Configuration Loading Spans

The server traces configuration loading at startup:

config.load_env
├── config.file.path: "/path/to/.env"
├── config.file.exists: true
├── config.vars.loaded: 5
├── operation.type: "config_load"
└── config.load.success: true

This span captures:

  • Whether the .env file exists
  • Number of environment variables loaded
  • Any errors during configuration loading
  • Overall success/failure status

Tool Execution Spans

tool.list_styles_tool
├── tool.name: "list_styles_tool"
├── tool.input.size: 256
├── tool.output.size: 4096
├── tool.success: true
├── session.id: "session-123"
├── user.id: "user-456"
├── account.id: "account-789"
├── chat.session.id: "chat-123"
└── prompt.id: "prompt-456"

HTTP Request Spans

http.get
├── http.method: "GET"
├── http.url: "https://api.mapbox.com/..."
├── http.status_code: 200
├── http.status_text: "OK"
├── http.user_agent: "mapbox-mcp-devkit-server/0.4.5"
├── http.request.content_length: 512
├── http.response.content_length: 2048
├── http.response.content_type: "application/json"
├── http.response.header.x_amz_cf_id: "HsL_E2ZgW72g4tg_ppvpljSFWa2yYcWziQjZ4d7_1czoC7-53UkAdg=="
├── http.response.header.x_amz_cf_pop: "IAD55-P3"
├── http.response.header.x_cache: "Miss from cloudfront"
└── http.response.header.etag: "W/\"21fe5-88gHkqbxd+dMWiCvnvxi2sikhUs\""

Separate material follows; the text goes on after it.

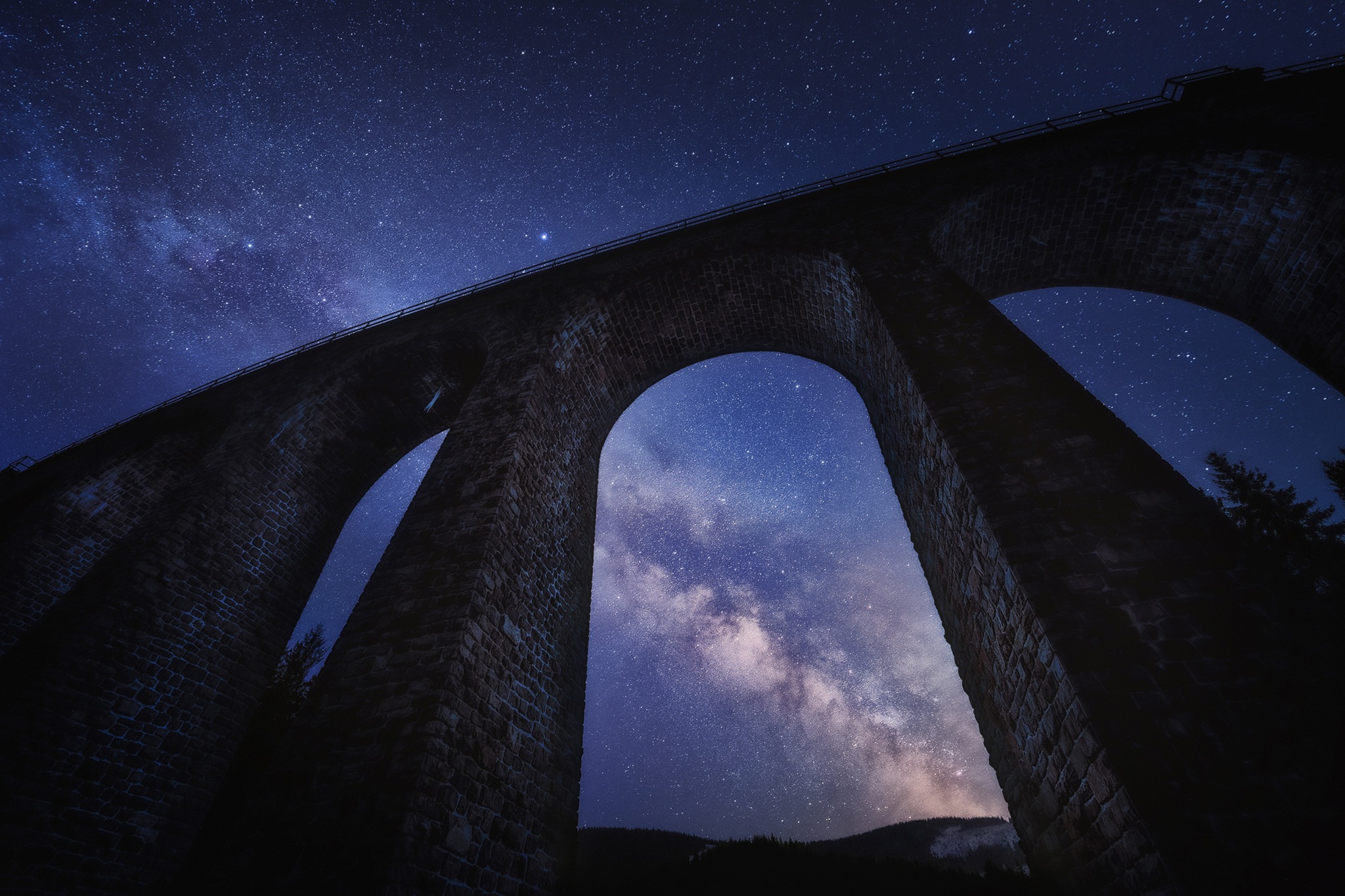 Rád fotím na výšku a zospodu, čiže popredie mám doslova nalepené na širokouhlom objektíve. Špeciálne v noci sa nedá fotiť na vyššie clonové čísla, rovina ostrosti zďaleka nemôže byť pokrytá na jeden záber. Musím si scénu rozdeliť a zvyčajne fotím na 5 rovín zaostrenia (čiže 5 fotografií). Snahou je mať ostrý záber o nekonečna až po detaily v popredí. Tie sú najdôležitejšie. Až doma zistím, či mi stačí spojiť napríklad 3, alebo potrebujem viac fotografií. Zvyčajne 3 stačia, ale vždy je lepšie mať ich viac.

CloudFront Correlation IDs

For Mapbox API requests, the tracing system automatically captures CloudFront correlation headers:

  • x-amz-cf-id: CloudFront request ID for correlation with AWS support
  • x-amz-cf-pop: CloudFront Point of Presence location
  • x-cache: Cache hit/miss status from CloudFront
  • etag: Entity tag for cache validation

These headers enable:

  • Correlation with Mapbox API logs and support tickets
  • Geographic distribution analysis (via PoP location)
  • Cache performance monitoring
  • End-to-end request tracing through CloudFront

DevKit-Specific Tools Traced

All developer tools are automatically traced:

  • Style Management: list_styles_tool, create_style_tool, update_style_tool, retrieve_style_tool, delete_style_tool
  • Style Building: style_builder_tool, preview_style_tool, style_comparison_tool
  • Token Management: list_tokens_tool, create_token_tool
  • Local Processing: geojson_preview_tool, coordinate_conversion_tool, bounding_box_tool
  • Tilesets: tilequery_tool

Each tool execution creates a complete trace showing:

  • Tool invocation timing
  • API requests to Mapbox services
  • Data processing steps
  • Success/failure status
  • Error details if applicable

Troubleshooting

Tracing Not Working

  1. Check initialization: Look for "OpenTelemetry tracing: enabled" in logs
  2. Verify environment: Ensure NODE_ENV !== 'test' and VITEST is not set
  3. Check configuration: Verify OTLP endpoint is accessible
  4. Network connectivity: Test that the OTLP endpoint is reachable

High Memory Usage

  1. Reduce sampling rate: Set OTEL_TRACES_SAMPLER_ARG to a lower value (e.g., 0.1)
  2. Check batch size: Default batch processing should handle most cases
  3. Monitor buffers: Trace buffers are automatically flushed

Performance Impact

  1. Expected overhead: <1% CPU impact under normal load
  2. Memory usage: ~10MB for trace buffers
  3. Network impact: Traces sent in batches to minimize network calls

Advanced Configuration

Custom Sampling

For high-volume production environments, configure sampling:

export OTEL_TRACES_SAMPLER=traceidratio
export OTEL_TRACES_SAMPLER_ARG=0.1  # Sample 10% of traces

Custom Resource Attributes

Add custom resource attributes for better trace organization:

export OTEL_RESOURCE_ATTRIBUTES="service.name=mapbox-mcp-devkit-server,service.version=0.4.5,environment=production,datacenter=us-east-1"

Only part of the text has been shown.